Иов, как видно, не хуже своих друзей понимает, что безгрешных людей на свете нет (ст. 4). Понимает он и то, что жизнь человека коротка и, как правило, нерадостна (ст. 1 – 2). Именно поэтому он и просит у Бога снисхождения к человеку (ст. 3, 5 – 6), ведь человек ничего не может поделать со своей греховностью. К тому же, человек смертен, жизнь его преходяща, и надеяться ему не на что (ст. 7 – 12). Иов верит в воскресение, и ему хотелось бы также верить в то, что после воскресения ситуация изменится кардинально (ст. 13 – 17). Иов мечтает о том дне, когда Бог, выведя его из шеола, освободит от власти зла и очистит от всех грехов. Тогда, наконец, Иов сможет встать с Богом лицом к лицу, и его греховность, от которой никому не под силу избавиться полностью, уже не омрачит больше его праведности. Но, как видно, надежда эта кажется Иову призрачной, он понимает, что всё будет совсем не так и надежды на лучшее для него нет (ст. 18 – 22).
Такая безнадёжность на фоне веры в возможность воскресения кажется странной. Но, как видно, здесь в Книге Иова отразился дух той эпохи, в которую она была написана. Конечно, иудаизм V-IV вв. до н.э. не утратил полностью веры в воскресение и в день Суда, так же как не утратил он полностью и своего мессианизма. Но перспектива эта была в нём, по-видимому, не слишком отчётливой. Вероятнее всего, в иудаизме той эпохи произошло то же, что в средневековом христианстве, где, в отличие от первых веков христианской истории, ожидание второго пришествия Христова, как правило, было не слишком напряжённым. Иов не мог не знать, что каждого в конце времён ждёт Суд, а на смену существующему порядку вещей должно прийти мессианское Царство. Но знание это было у него всё же несколько отвлечённым, отвлечённым настолько, что с днём Суда и с воскресением он даже не связывает твёрдо и однозначно полного преображения человека и очищения его от греха.
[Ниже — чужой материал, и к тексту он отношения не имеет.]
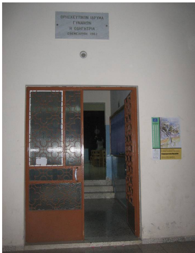
Figure 2 – The OHEN Room where the training course took place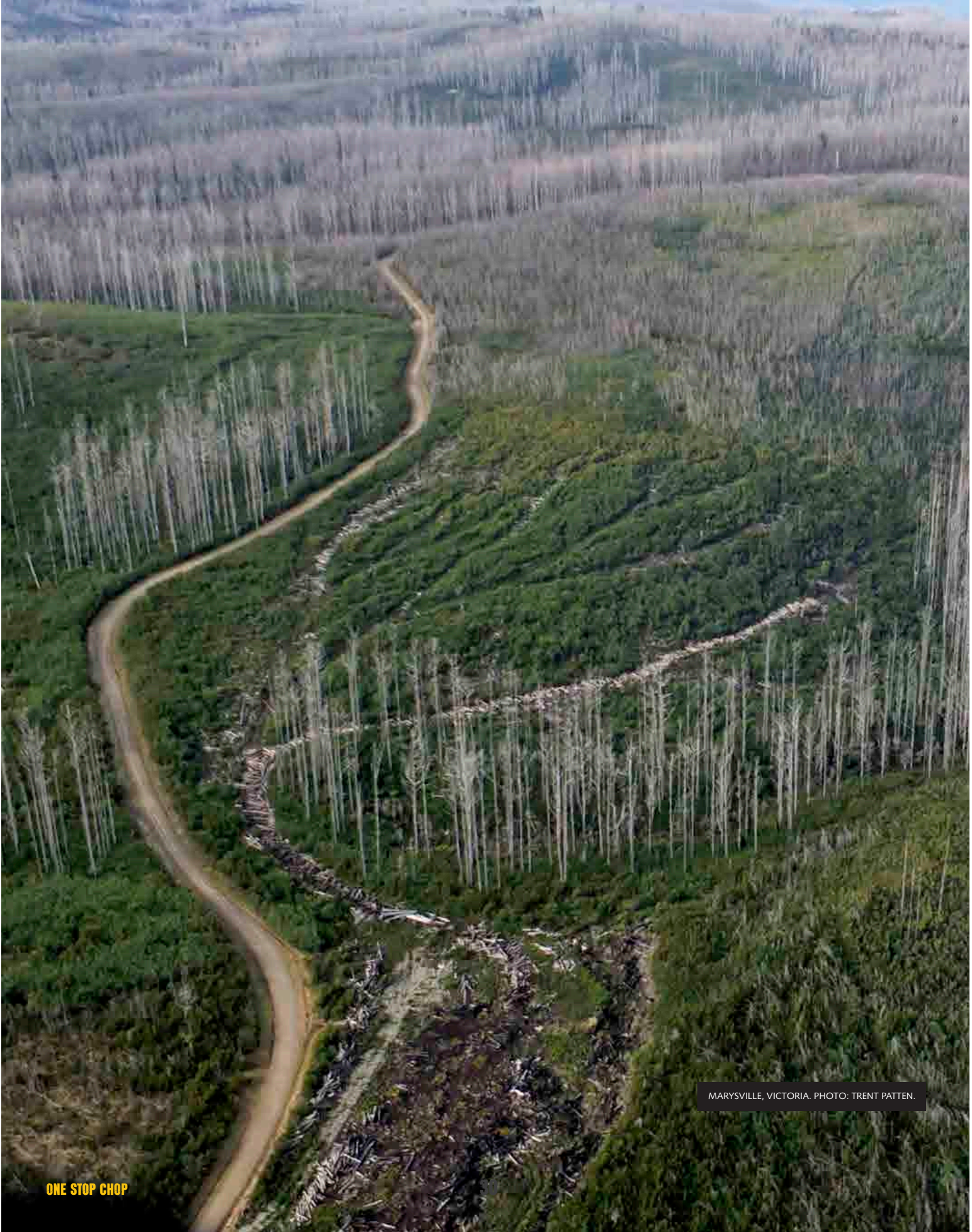
MARYSVILLE, VICTORIA.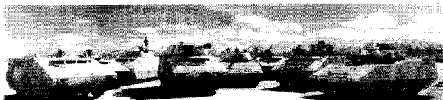
Figure 4 shows a picture of a fleet of concept vehicles, but the designs are purely conceptual at the time of this writing. Using the ACE tools, designers can make those concepts a reality, faster and cheaper than past processes.

Virtual design reviews are already being used to develop the designs for the manned ground vehicle platforms. During the vendor selection process, designs were submitted and reviewed in the CAVE™. Now, new model updates are being received regularly and the relevant players are discussing trade-offs and solutions.

Такое очищение даже после воскресения в день Суда кажется ему несбыточной мечтой. Неудивительно, что взгляд Иова на жизнь человека вообще и на свою собственную жизнь в частности оказывается столь пессимистичен: вне контекста мессианской перспективы в той полноте, которая открылась пророкам, человеку действительно не на что было рассчитывать перед лицом вечности Божией. Иов это понимает, но ничего не может изменить. В самом деле, пророкам перспектива Царства открывалась как элемент того откровения, которое они получили от Бога. У Иова же, как видно, главное откровение было ещё впереди, а без него говорить всерьёз о таких вещах, как Суд, воскресение и Царство, не приходится, они всё равно останутся не более, чем богословскими абстракциями или красивыми фантазиями. Иову же не до абстракций и не до фантазий, он ищет ответа на главный вопрос своей жизни, и ни на что другое у него уже нет времени.